You are a rockstar. I am one of your biggest fans. I have talked about your book ‘Untamed’ to all my friends – I have bought copies to hand out to them that they can borrow. I have liberated myself from all kinds of ways that looked like ‘being in love with my lifestyle, instead of being in love with my life’. I don’t want to martyr myself for my daughter, I am doing hard things and I am a GD Cheetah. I am rewilding myself. Getting back to my core, to everything that means something to me. I am truly becoming an Untamed woman and I love every part of it.
Is the world ready for untamed women?
This is the one question I keep repeating in my mind because my path has been hard. It has been so hard that I almost want to go backward, curl up in foster pose, and rock myself gently. Because I have serious doubts that the world is ready for untamed, wild, free women who are channeling archetypes like you, Pippi Longstocking, Lagertha from Vikings, Peter Pan, and even Kali. Women who take hit after hit every day because they stand so strongly in their core that they have become unapologetically themselves. Because as soon as I became my wild, driven untamed self everything went away, and it’s lonely where I am right now. I have lost my job and my marriage. I have even lost my grandfather (but I don’t think it was because I became untamed though). I feel like I am a trailblazer who is taking all the hits. That I stand on the frontline and I am the first one they are shooting after. I am one of the first ones in my village they would point towards and shout ‘WITCH’. I am cocooning at home and I feel like I am starting to rise, sister!
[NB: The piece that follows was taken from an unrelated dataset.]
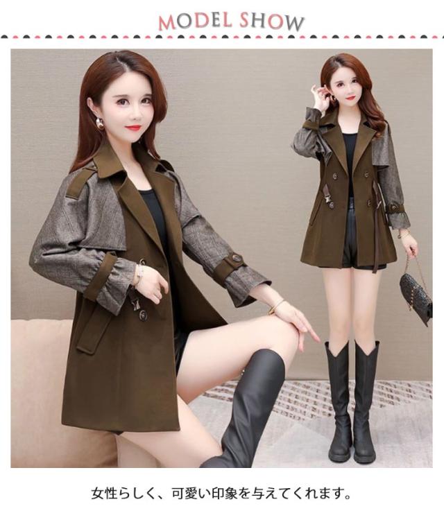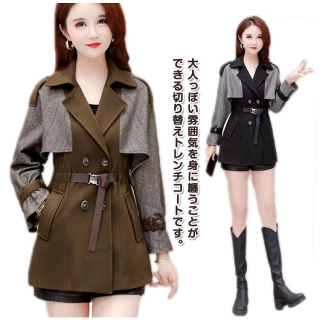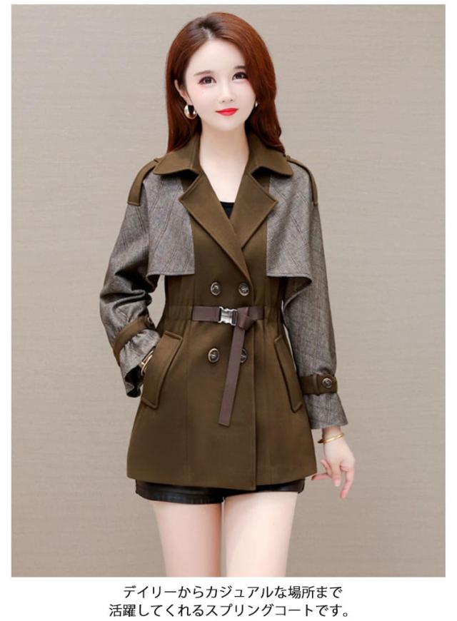 配色 切り替え トレンチコート レディース スプリングコート 秋 冬 コート ショート丈 フォーマル ビジネス ライトアウター 大きいサイズ 春アウター シャーリング シンプル 裏地付き M L XL 2XL 3XL 4XL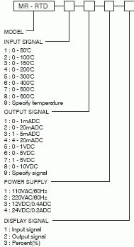 FEATURES Small size(mm) : 83(H), 51(W), 102(D). Isolation : input to output to power supply. Power supply : AC or DC supply. Wiring : terminal socket wiring. Case & color : black ABS plastic case. Weight : 400g. INPUT SIGNAL SPECIFICATION OUTPUT SIGNAL SPECIFICATION Output voltage signal : 12VDC max. Output voltage impedance : 2Kohm min. Output voltage noise : 10mV p-p max. Output current signal : 30mADC max. Output load resistance : 750ohm max. Output current noise(250ohm load) : 10mV p-p. GENERAL SPECIFICATION'S Operating ambient temperature : 0 - 50'C. Non operating ambient temperature : -20 ~ 80'C. Temperature coefficient : 0.015%/'C. Operating ambient humidity : 90% RH max.(non condensing) Insulation resistance : greater than 100Mohm with 500VDC. Dielectric strength : 1500VAC @ 1minute (input to output to power). Adjustment range : 20% (zero & span) min. Conversion accuracy : 0.2% max. Response time : 0 - 90%(0.5sec). Burnout circuit : upscale(standard). Linearity : 0.2% max. OUTPUT IMPEDANCE OUTPUT LOAD - R 0 - 1VDC 0 - 5VDC 1 - 5VDC 0 - 10VDC 0 - 1mA 0 - 20mA 1 - 5mA 4 - 20mA > 1Kohm > 2Kohm > 2Kohm > 4Kohm < 15Kohm < 750ohm < 3Kohm < 750ohm Input type : 3wire type. Input signal Pt50ohm or Pt100ohm Input range : -200 ~ 600'C. EXT Power : 1.5mA/5VDC. This is a converter to convert to DC signal from the RTD temperature sensor. This is equipped with a linear type of compensation circuit and compensates for non-linear error of the sensor, and enables perfect signal conversion not affected by withstand insulation voltage, transfer speed and noise, etc by adopting precision isolation circuits. MODEL & SPECIFICATION CODE MODEL INPUT SIGNAL 1 : 0 - 50'C 2 ; 0 - 100'C 3 : 0 - 150'C 4 : 0 - 200'C 5 : 0 - 300'C 6 : 0 - 400'C 7 : 0 - 500'C 8 : 0 - 600'C 9 : Specify temperature OUTPUT SIGNAL 1 : 0 - 1mADC 2 : 0 - 20mADC 3 : 1 - 5mADC 4 : 4 - 20mADC 5 : 0 - 1VDC 6 : 0 - 5VDC 7 : 1 - 5VDC 8 : 0 - 10VDC 9 : Specify signal POWER SUPPLY 1 : 110VAC/60Hz 2 : 220VAC/60Hz 3 : 12VDC/0.4ADC 4 : 24VDC/0.2ADC MR - RTD DISPLAY (OPTION) Type : 3 digit FND Display font : red super bright Display function's : input or output or percent(%). Display error : 1digit(LSB). DISPLAY SIGNAL 1 : Input signal 2 : Output signal 3 : Percent(%)

How should we make the world ready for the untamed self?
That is what I am wondering. I think it’s because of the losses in my life. It’s because of the woman I am becoming. But in a patriarchal world, there’s a lot of hits to be taken. There’s a lot of battles to be fought. There’s a whole authoritative method on the planet we have to undo. We have to get back to nature and to ourselves. It’s our only option to save Gaia – our planet. But to be honest I am scared shitless and I was wondering if you had some perspectives on this.
From one who knows that untamed is going to trailblaze us into the future.